Denis de Rougemont, La part du Diable

« Avec beaucoup d’intelligence, les totalitaires ont mis la bêtise de leur côté. Sous leur régime, les imbéciles n’ont rien à perdre. Les âmes fortes y sont éliminées par le ressentiment brutal des plébéiens, les âmes faibles aisément convaincues qu’elles n’ont pas droit à l’existence personnelle, les âmes moyennes utilisées.
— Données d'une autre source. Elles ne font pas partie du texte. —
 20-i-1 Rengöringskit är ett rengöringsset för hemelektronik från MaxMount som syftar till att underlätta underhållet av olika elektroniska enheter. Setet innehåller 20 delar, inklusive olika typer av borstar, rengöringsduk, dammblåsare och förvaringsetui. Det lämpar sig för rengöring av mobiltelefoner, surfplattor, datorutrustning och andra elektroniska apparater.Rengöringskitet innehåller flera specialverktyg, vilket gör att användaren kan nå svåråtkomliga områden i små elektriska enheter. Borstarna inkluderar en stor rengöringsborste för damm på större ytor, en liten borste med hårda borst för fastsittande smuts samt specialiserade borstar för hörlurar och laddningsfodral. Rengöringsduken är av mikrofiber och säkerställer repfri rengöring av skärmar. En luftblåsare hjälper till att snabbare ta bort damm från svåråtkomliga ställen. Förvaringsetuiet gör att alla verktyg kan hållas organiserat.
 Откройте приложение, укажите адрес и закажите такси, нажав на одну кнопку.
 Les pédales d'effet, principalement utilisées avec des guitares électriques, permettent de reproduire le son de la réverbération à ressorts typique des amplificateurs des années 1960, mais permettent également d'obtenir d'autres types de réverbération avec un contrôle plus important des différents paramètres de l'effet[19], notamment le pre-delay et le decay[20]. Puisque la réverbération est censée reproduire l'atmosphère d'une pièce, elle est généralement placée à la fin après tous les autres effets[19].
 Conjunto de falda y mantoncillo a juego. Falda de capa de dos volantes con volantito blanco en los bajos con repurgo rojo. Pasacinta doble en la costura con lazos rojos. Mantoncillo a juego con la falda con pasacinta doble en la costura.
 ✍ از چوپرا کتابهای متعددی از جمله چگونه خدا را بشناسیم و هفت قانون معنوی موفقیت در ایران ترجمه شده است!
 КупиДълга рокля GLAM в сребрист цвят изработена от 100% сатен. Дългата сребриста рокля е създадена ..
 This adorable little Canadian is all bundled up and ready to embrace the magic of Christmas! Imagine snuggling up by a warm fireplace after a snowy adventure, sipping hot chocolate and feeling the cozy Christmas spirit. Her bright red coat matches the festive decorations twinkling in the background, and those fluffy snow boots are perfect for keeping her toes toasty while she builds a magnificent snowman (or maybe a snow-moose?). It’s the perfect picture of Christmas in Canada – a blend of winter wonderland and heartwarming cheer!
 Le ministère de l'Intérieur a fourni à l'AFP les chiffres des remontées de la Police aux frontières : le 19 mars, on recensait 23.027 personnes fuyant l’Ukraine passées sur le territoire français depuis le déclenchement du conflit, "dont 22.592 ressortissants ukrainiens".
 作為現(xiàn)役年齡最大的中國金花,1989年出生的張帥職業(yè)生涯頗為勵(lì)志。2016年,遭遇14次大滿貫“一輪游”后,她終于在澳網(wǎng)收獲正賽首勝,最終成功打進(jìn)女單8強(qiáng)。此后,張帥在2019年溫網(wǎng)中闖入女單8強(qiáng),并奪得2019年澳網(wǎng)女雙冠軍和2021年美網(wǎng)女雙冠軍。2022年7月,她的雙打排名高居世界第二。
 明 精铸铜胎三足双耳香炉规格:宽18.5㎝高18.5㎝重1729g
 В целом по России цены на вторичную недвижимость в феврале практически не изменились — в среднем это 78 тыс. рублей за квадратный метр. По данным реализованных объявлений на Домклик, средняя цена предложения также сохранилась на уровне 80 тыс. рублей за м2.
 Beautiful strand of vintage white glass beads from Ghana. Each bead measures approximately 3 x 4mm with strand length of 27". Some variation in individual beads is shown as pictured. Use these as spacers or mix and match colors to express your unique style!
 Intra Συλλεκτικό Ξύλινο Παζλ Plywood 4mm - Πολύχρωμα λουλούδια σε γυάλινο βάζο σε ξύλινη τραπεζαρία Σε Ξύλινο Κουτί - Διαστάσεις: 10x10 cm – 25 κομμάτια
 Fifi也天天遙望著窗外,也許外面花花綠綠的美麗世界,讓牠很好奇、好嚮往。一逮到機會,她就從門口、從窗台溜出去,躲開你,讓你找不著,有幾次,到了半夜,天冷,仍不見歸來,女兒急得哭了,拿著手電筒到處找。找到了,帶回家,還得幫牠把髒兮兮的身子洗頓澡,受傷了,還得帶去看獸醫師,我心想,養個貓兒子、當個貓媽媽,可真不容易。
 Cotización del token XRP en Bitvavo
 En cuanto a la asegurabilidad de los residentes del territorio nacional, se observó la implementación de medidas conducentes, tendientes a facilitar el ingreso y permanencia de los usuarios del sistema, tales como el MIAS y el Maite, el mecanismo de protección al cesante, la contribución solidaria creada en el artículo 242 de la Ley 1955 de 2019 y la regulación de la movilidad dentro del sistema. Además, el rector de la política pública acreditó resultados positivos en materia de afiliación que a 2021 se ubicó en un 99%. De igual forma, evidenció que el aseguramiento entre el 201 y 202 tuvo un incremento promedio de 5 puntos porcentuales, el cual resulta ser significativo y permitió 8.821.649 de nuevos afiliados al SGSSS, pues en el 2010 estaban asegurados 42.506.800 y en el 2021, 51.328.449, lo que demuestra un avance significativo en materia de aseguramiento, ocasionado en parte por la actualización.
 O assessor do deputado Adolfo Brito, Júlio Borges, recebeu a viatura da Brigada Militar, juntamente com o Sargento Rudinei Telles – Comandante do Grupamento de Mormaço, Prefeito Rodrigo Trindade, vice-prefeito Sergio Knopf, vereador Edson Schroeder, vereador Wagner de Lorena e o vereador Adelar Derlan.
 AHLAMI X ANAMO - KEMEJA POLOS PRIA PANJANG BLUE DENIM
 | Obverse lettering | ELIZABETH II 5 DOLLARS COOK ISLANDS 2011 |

Comme on le voit, le régime totalitaire n’est que la forme basse de la démocratie. Déchaînez parmi nous les démons que je viens de décrire et nos démocraties ne se distingueront plus des régimes totalitaires que par un certain manque de rigueur, un désordre plus apparent, une phraséologie moins entraînante.

La démocratie saine pour laquelle je lutterai n’est, comme la santé, qu’une utopie. Je l’imagine de la manière suivante: l’intelligence n’aurait rien à y perdre, les âmes fortes y seraient à l’aise, les âmes faibles y seraient éduquées, les âmes moyennes s’y sentiraient gênées d’être moyennes et de faire nombre. On y verrait des élites dures, aux disciplines prestigieuses, le triomphe des petits groupes sur la masse, et l’État respectueux des vocations les plus étranges. »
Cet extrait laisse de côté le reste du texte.